Would you trust your iPhone as a contraceptive tool? This is a question that has been attracting a lot of media attention as of late thanks to Natural Cycles, the only EU approved birth control app and the brainchild of Swedish ex-CERN scientist, Dr. Elina Berglund.

Marketed as an alternative and more holistic approach to contraception than the pill, the app, which costs £40 to download and comes with a small thermometer, requires a woman to track and record her body temperature on a daily basis.  During the course of a woman’s menstrual cycle, her temperature will increase while she is ovulating due to higher levels of progesterone. Implementing this data into an algorithm, Natural Cycles then tracks the user’s body temperature to accurately predict which stage she is at in her cycle and when protection should be used to prevent a pregnancy. Days when it’s ‘okay’ to have unprotected sex are marked as green on its calendar, but if it shows as red, couples are advised to use an extra form of protection.

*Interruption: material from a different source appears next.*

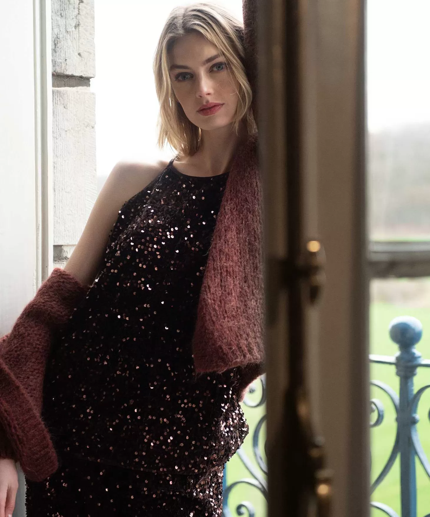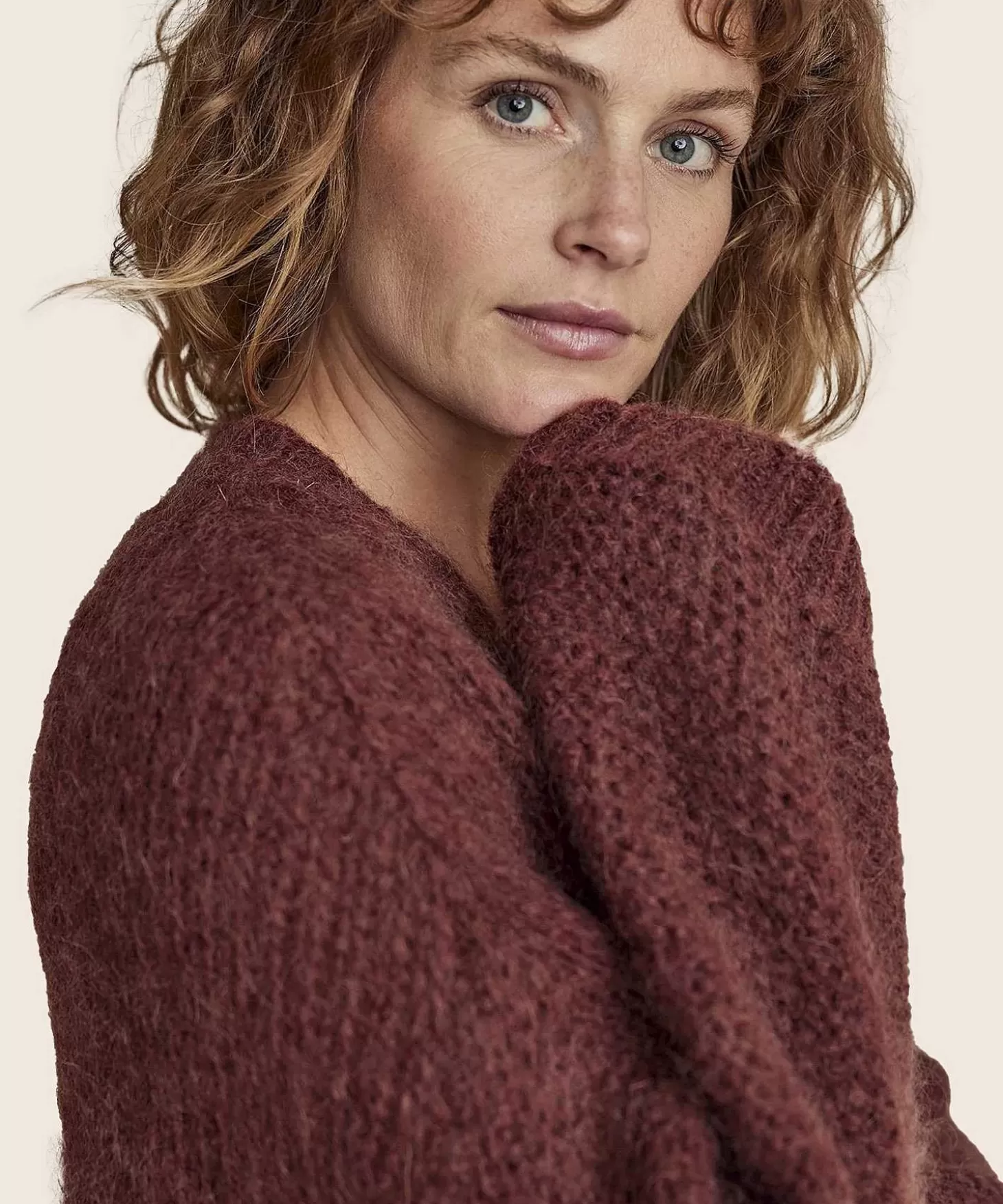 In Een Warme Rode Cherrykleur Die Echt Past Bij De Herfstachtige Tinten Van Bomen En Bos, Neigend Naar Een Beetje Bruin. Dit Ruime Mohair Vest Uit De Collectie Van Summum Heeft Het Allemaal In Zich. Het Vest Valt Losjes Net Boven Of Op De Billen. De Ruime Mouwen Zijn Averechts Gebreid En Hebben Een Boordje En Verlaagde Schouders. Combineer Met De Feestelijke Pailletten Wideleg Broek En Een Aangesloten Top. Of Kies Voor Je Favoriete Jeans. Draag Lekker Losjes Of Stop, Helemaal Van Nu, De Punten Kruislings Over Elkaar In De Band Van Je Broek. Samenstelling: 40% Acryl, 30% Polyamide, 30% Mohair.

A reported 125,000 British women used the app as a mode of contraception in 2017, where it was found to be 99% effective under ‘perfect use’ and 93% under ‘typical’ use. According to the app’s founders, the typical user is a 30-year-old woman in an established relationship with a stable partner.

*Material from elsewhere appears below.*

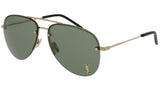Il modello da sole CLASSIC 11 M 003 della maison Yves Saint Laurent, con montatura oro pallido lucido e lenti color verde. Saint Laurent Eyewear rappresenta in pieno le attitudini uniche del brand: stile senza tempo coniugato a un moderno concetto di lusso. La collezione sole offre una raffinata selezione di prodotti unici, contraddistinti da una qualità inarrivabile.

However, Natural Cycles has received unprecedented attention in recent weeks due to its association with unwanted pregnancies. The Södersjukhuset hospital in Stockholm has registered a complaint with the Swedish Medical Products Agency, stating that hospital staff had recorded a number of 37 unwanted pregnancies after using the app in the latter half of 2017, stemming from a study of over 600 women who sought abortions at the hospital from September 2017 until the end of the year.

In a statement, Natural Cycles said: “No contraception is 100 per cent and unwanted pregnancies are an unfortunate risk with any contraception.

“To have 37 unwanted pregnancies out of the 668 mentioned in this study means that 5,5 percent of women who stated they used Natural Cycles also had an unwanted pregnancy. This is in line with what we communicate as the risk of unwanted pregnancy with typical use, and which is comparable to other types of contraception.”

Perhaps, then, what we can take away from the case of Natural Cycles is that women are keen to move away from traditional forms of hormonal contraception. However, despite our ever-advancing levels of technology, perhaps medicinal methods are the most effective way of preventing or planning a pregnancy.